- EXERCISE DESCRIPTION: If the records include pictures, omit them and set down everything else verbatim.

━━━ SOURCE INFORMATION ━━━

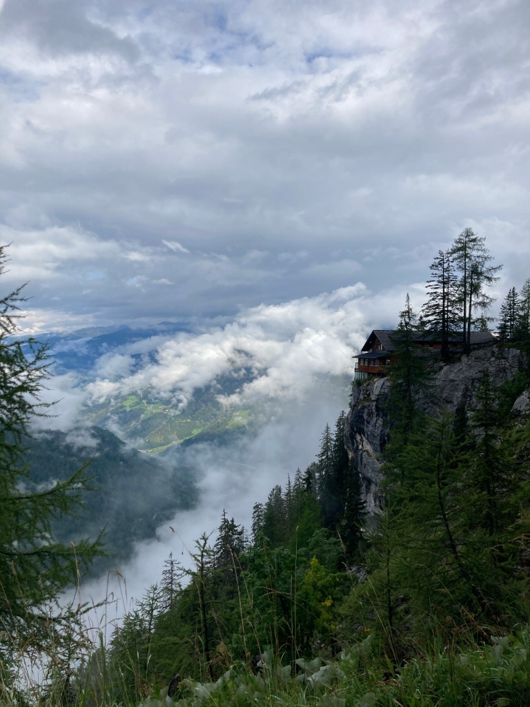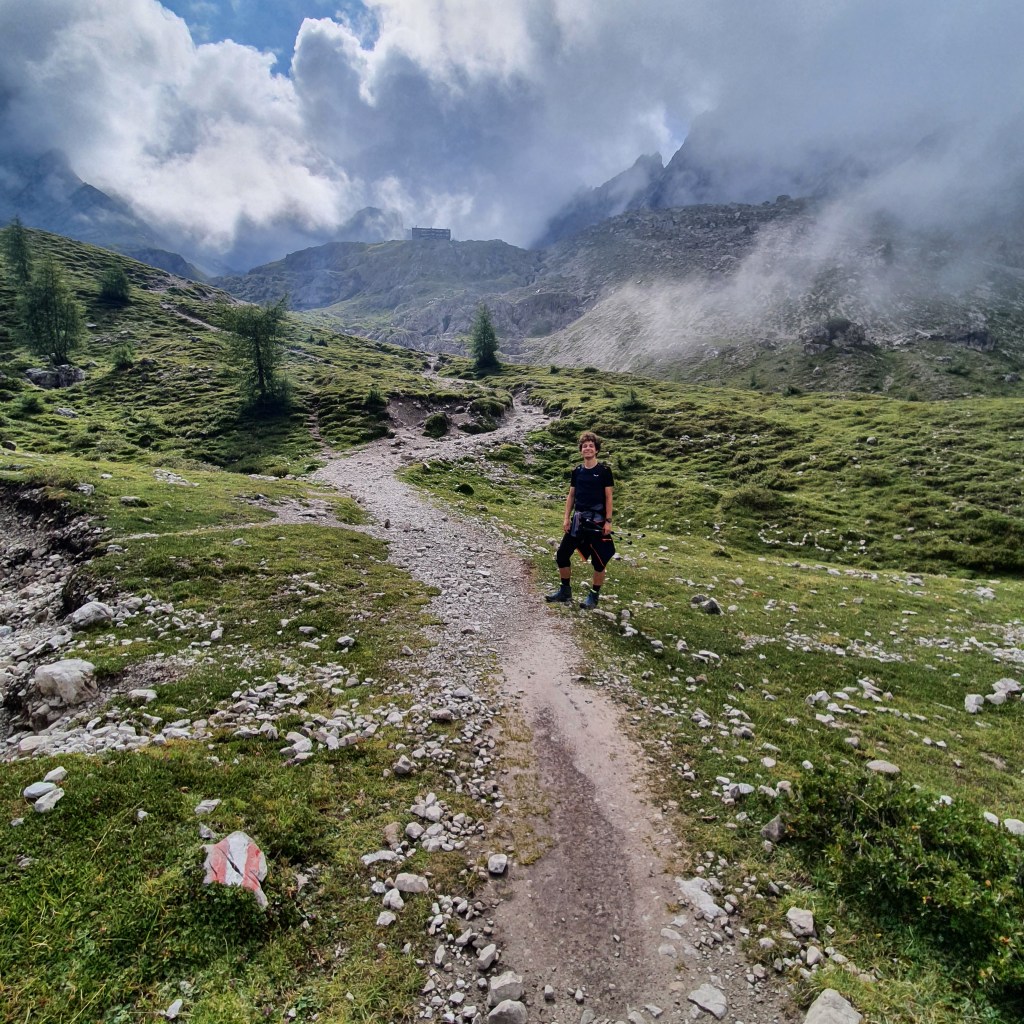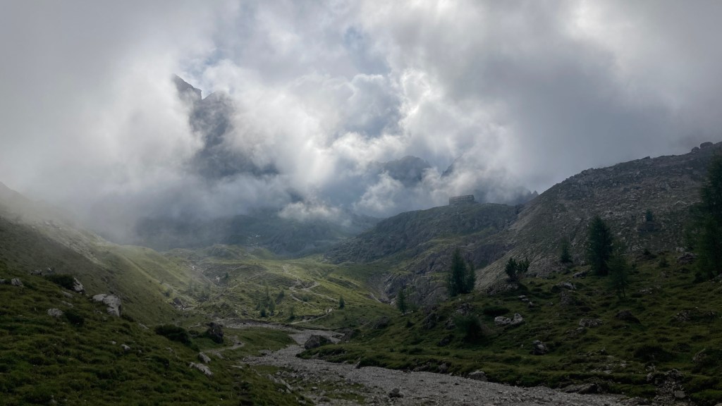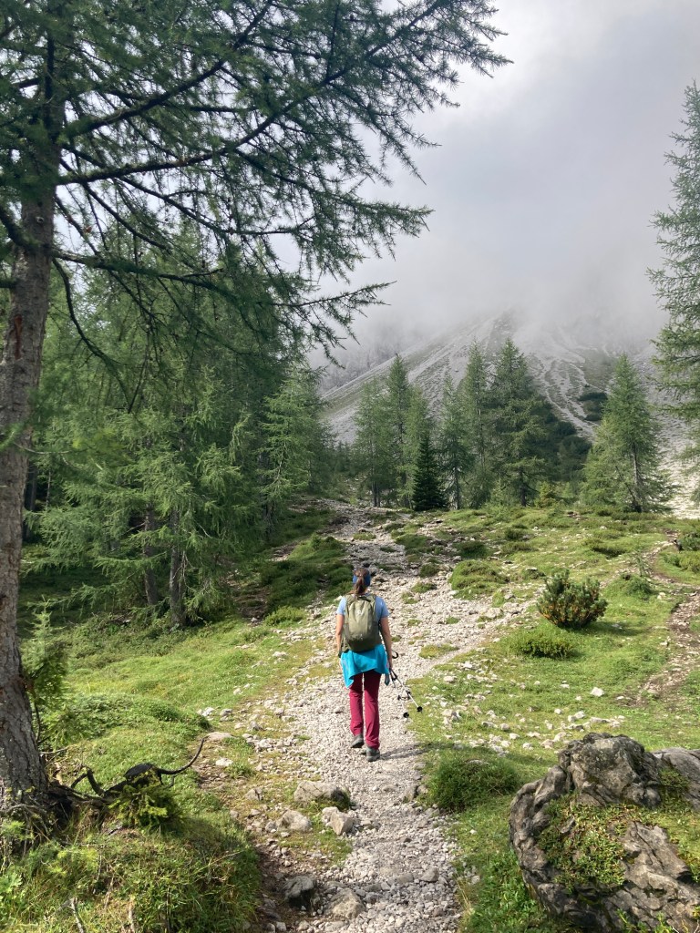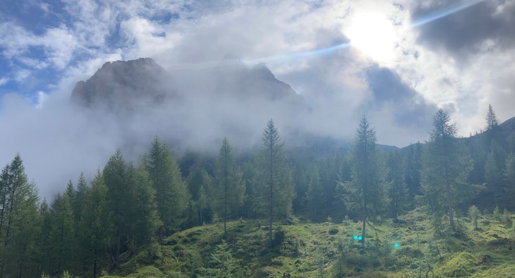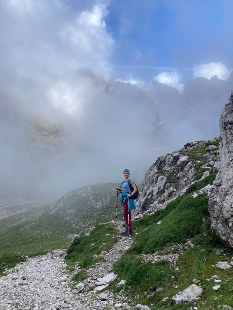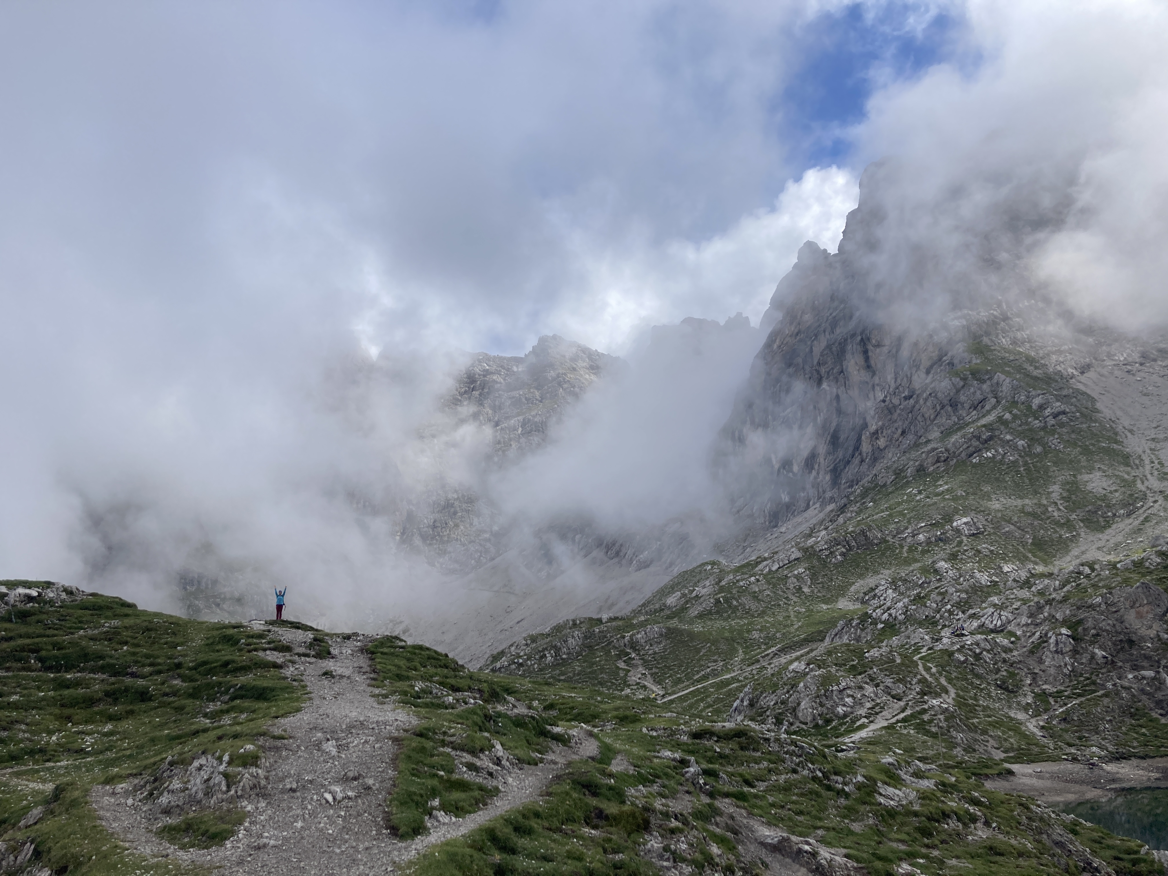 Es ist ein stark bewölkter und etwas kühlerer Sommertag. Dementsprechend hängen hier noch etliche Wolken in der Luft und für den ersten Wegabschnitt haben wir nur begrenzte Sicht. Die Wolken verfangen sich richtig an den Kesselwänden und ziehen nur langsam dahin. Kurzzeitig kann man einen Blick auf die mächtigen Felswände, wie beispielsweise die Laserzwand, erhaschen, bevor das Fenster schnell wieder zuzieht.
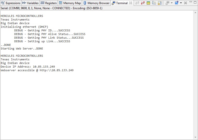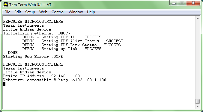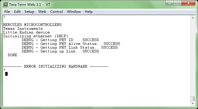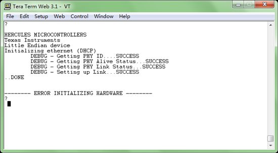 参照wiki--processors.wiki.ti.com/.../HALCoGen_Ethernet_Driver_and_lwIP_Integration_Demonstration里的步骤操作,出现如下结果:
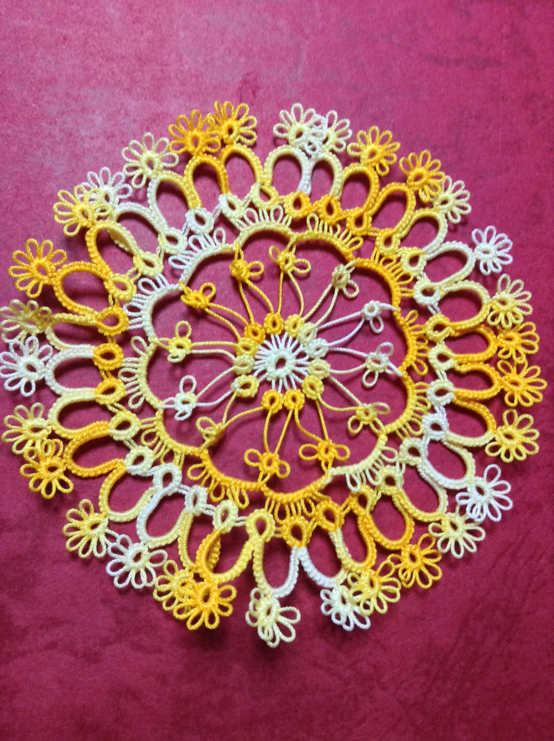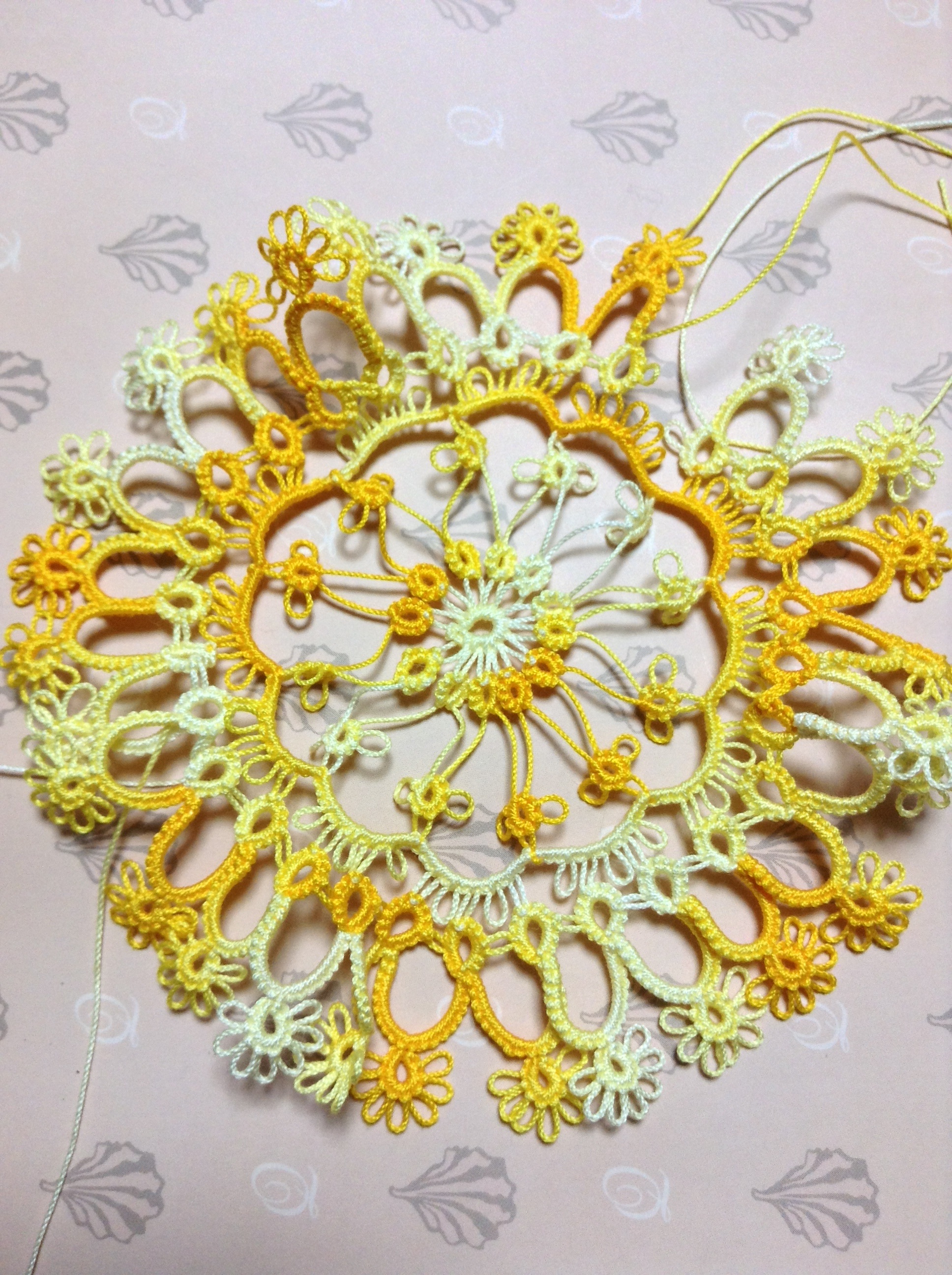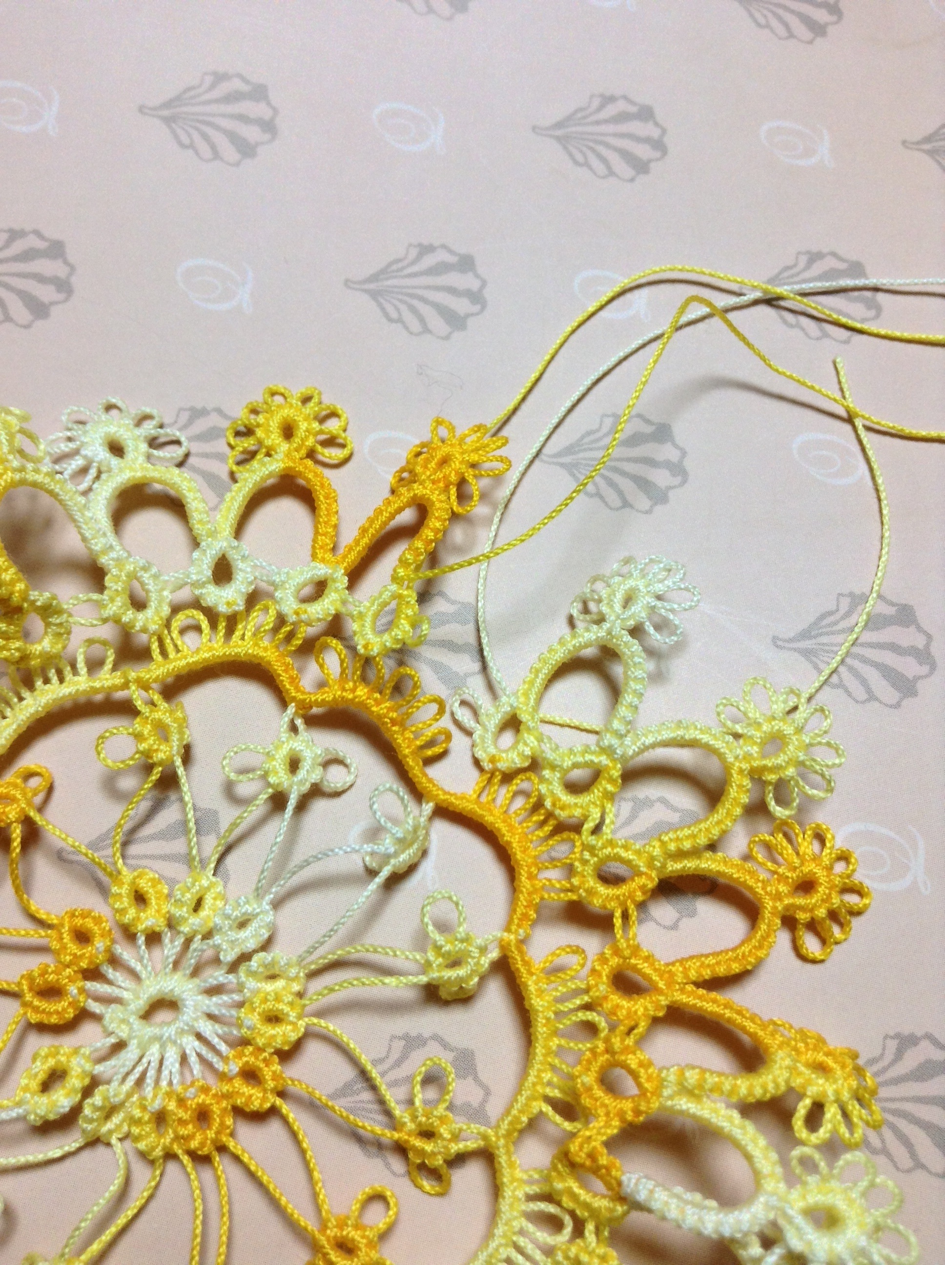 日に日に寒さが厳しくなってきて、疲れもたまる一方の12月ですが、毎日少しずつではありますがタティングレースをする日々です。
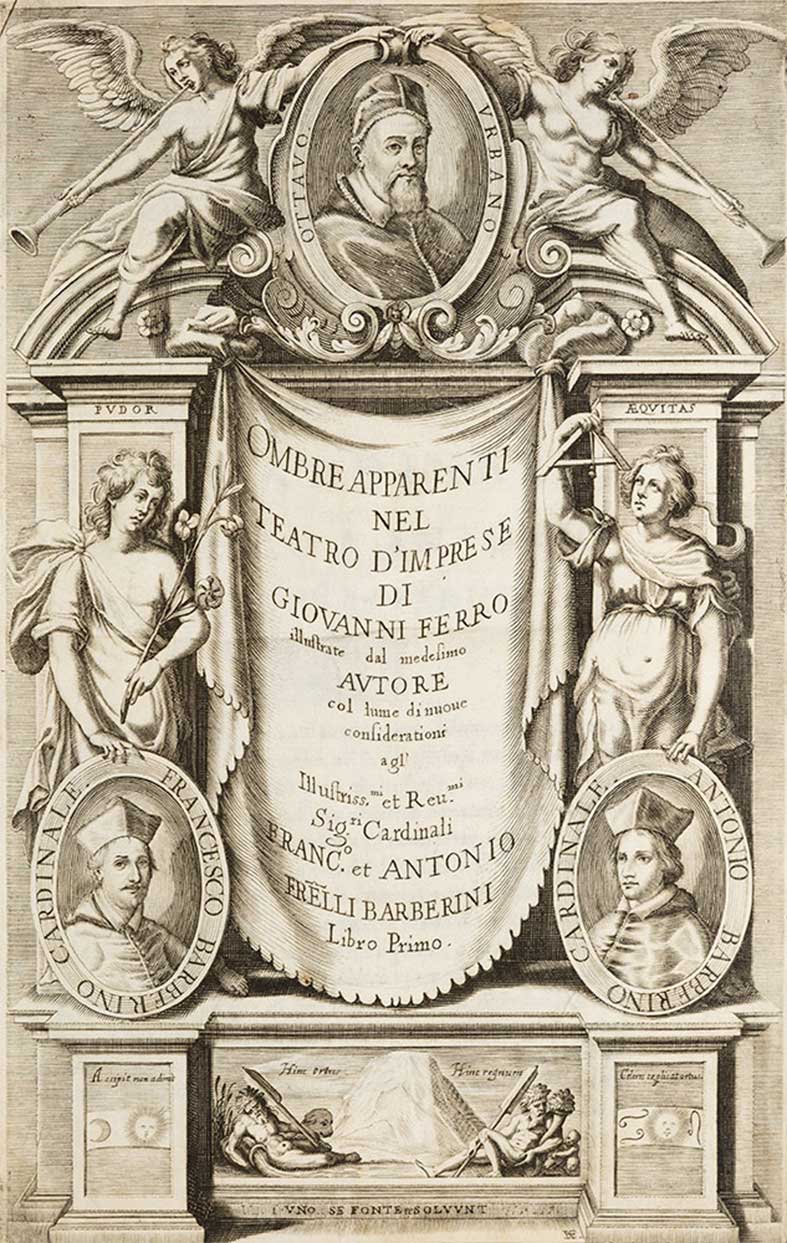 Ferro, Giovanni Ombre apparenti nel teatro d'imprese Venezia, Giacomo Sarzina, 1629. In 2°. 2 libri in 1 volume. Due frontespizi architettonici figurati incisi in rame, testatine e capilettera xilografici decorati, occhiello con rinforzo al margine interno, piccoli risarcimenti ad alcune carte, legatura del sec. XVIII in pergamena, al dorso a 4 nervi tassello in marocchino rosso con autore e titolo in oro, qualche macchia. Rara prima edizione di quest’opera sull'Impresa, variante aristocratica dell'emblema. La simbolica delle imprese divenne oggetto di studio di letterati ed ecclesiastici a partire dalla metà del Cinquecento. In queste Ombre apparenti l'abate risponde polemicamente al vescovo di Tortona, Paolo Aresi, che aveva criticato la sua precedente opera sul teatro d'imprese, asserendo di averci trovato delle "ombre". Praz 336, Michel III, 38.
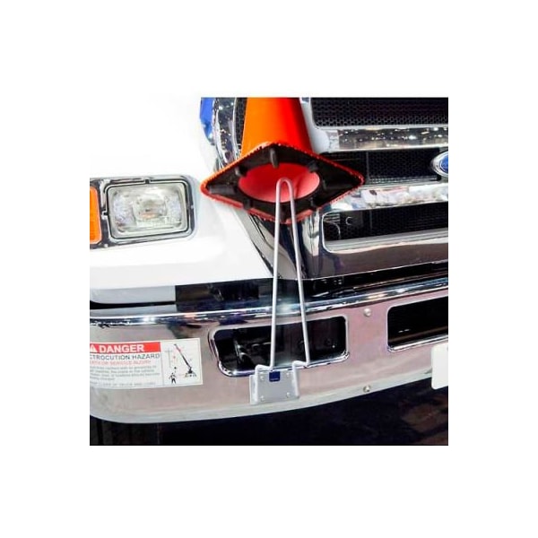 Horizon mfg. Traffic cone holder, 5911, holds 18" & 28" traffic cones traffic cone holder. Bolts onto truck bumpers or frames for convenient storage of traffic cones. Fits 18" and 28" cones. White, 4 holes for mounting. 18" h x 4"w.
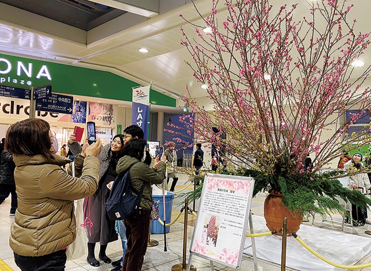 市の花卉栽培技術には定評があり、今年1月の「第72回関東東海花の展覧会」では、「花卉部馬絹支部」の支部員の技術が高く評価され、農林水産大臣賞を受賞。今回、その花桃を駅の中央口通路に設置した巨大な花瓶に活けて展示した。
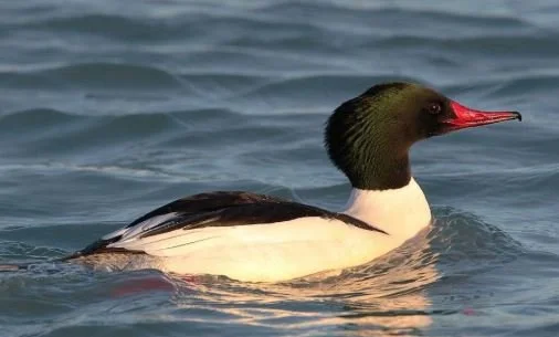 The merganser is not a mallard: it has a long narrow red beak with serrated edges to catch fish.
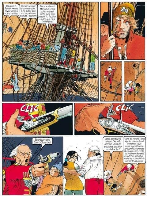 Ovaj rad je u Francuskoj najpre izlazio u izdanju kuće Glénat, zatim i Casterman, i 12 bis; Prvih pet albuma su izašla u razdoblju od 1979 do 1984, a kasnije su i u izdanju na srpskom sabrana u jedan tom (izdanje Čarobne knjige __ Stari kontinent) Prvi od albuma nosi naziv Devojka pod krmom (La Fille sous la dunette )
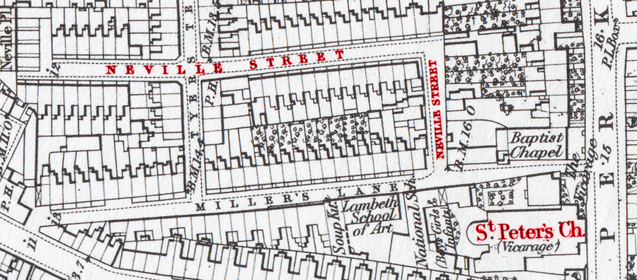 Lane Lambeth and the marriage is at St Peters Church and as the map shows

━━━

- RESPONSE BOX:
 Es ist ein stark bewölkter und etwas kühlerer Sommertag. Dementsprechend hängen hier noch etliche Wolken in der Luft und für den ersten Wegabschnitt haben wir nur begrenzte Sicht. Die Wolken verfangen sich richtig an den Kesselwänden und ziehen nur langsam dahin. Kurzzeitig kann man einen Blick auf die mächtigen Felswände, wie beispielsweise die Laserzwand, erhaschen, bevor das Fenster schnell wieder zuzieht.
 参照wiki--processors.wiki.ti.com/.../HALCoGen_Ethernet_Driver_and_lwIP_Integration_Demonstration里的步骤操作,出现如下结果:
 日に日に寒さが厳しくなってきて、疲れもたまる一方の12月ですが、毎日少しずつではありますがタティングレースをする日々です。
 Ferro, Giovanni Ombre apparenti nel teatro d'imprese Venezia, Giacomo Sarzina, 1629. In 2°. 2 libri in 1 volume. Due frontespizi architettonici figurati incisi in rame, testatine e capilettera xilografici decorati, occhiello con rinforzo al margine interno, piccoli risarcimenti ad alcune carte, legatura del sec. XVIII in pergamena, al dorso a 4 nervi tassello in marocchino rosso con autore e titolo in oro, qualche macchia. Rara prima edizione di quest’opera sull'Impresa, variante aristocratica dell'emblema. La simbolica delle imprese divenne oggetto di studio di letterati ed ecclesiastici a partire dalla metà del Cinquecento. In queste Ombre apparenti l'abate risponde polemicamente al vescovo di Tortona, Paolo Aresi, che aveva criticato la sua precedente opera sul teatro d'imprese, asserendo di averci trovato delle "ombre". Praz 336, Michel III, 38.
 Horizon mfg. Traffic cone holder, 5911, holds 18" & 28" traffic cones traffic cone holder. Bolts onto truck bumpers or frames for convenient storage of traffic cones. Fits 18" and 28" cones. White, 4 holes for mounting. 18" h x 4"w.
 市の花卉栽培技術には定評があり、今年1月の「第72回関東東海花の展覧会」では、「花卉部馬絹支部」の支部員の技術が高く評価され、農林水産大臣賞を受賞。今回、その花桃を駅の中央口通路に設置した巨大な花瓶に活けて展示した。
 The merganser is not a mallard: it has a long narrow red beak with serrated edges to catch fish.
 Ovaj rad je u Francuskoj najpre izlazio u izdanju kuće Glénat, zatim i Casterman, i 12 bis; Prvih pet albuma su izašla u razdoblju od 1979 do 1984, a kasnije su i u izdanju na srpskom sabrana u jedan tom (izdanje Čarobne knjige __ Stari kontinent) Prvi od albuma nosi naziv Devojka pod krmom (La Fille sous la dunette )
 Lane Lambeth and the marriage is at St Peters Church and as the map shows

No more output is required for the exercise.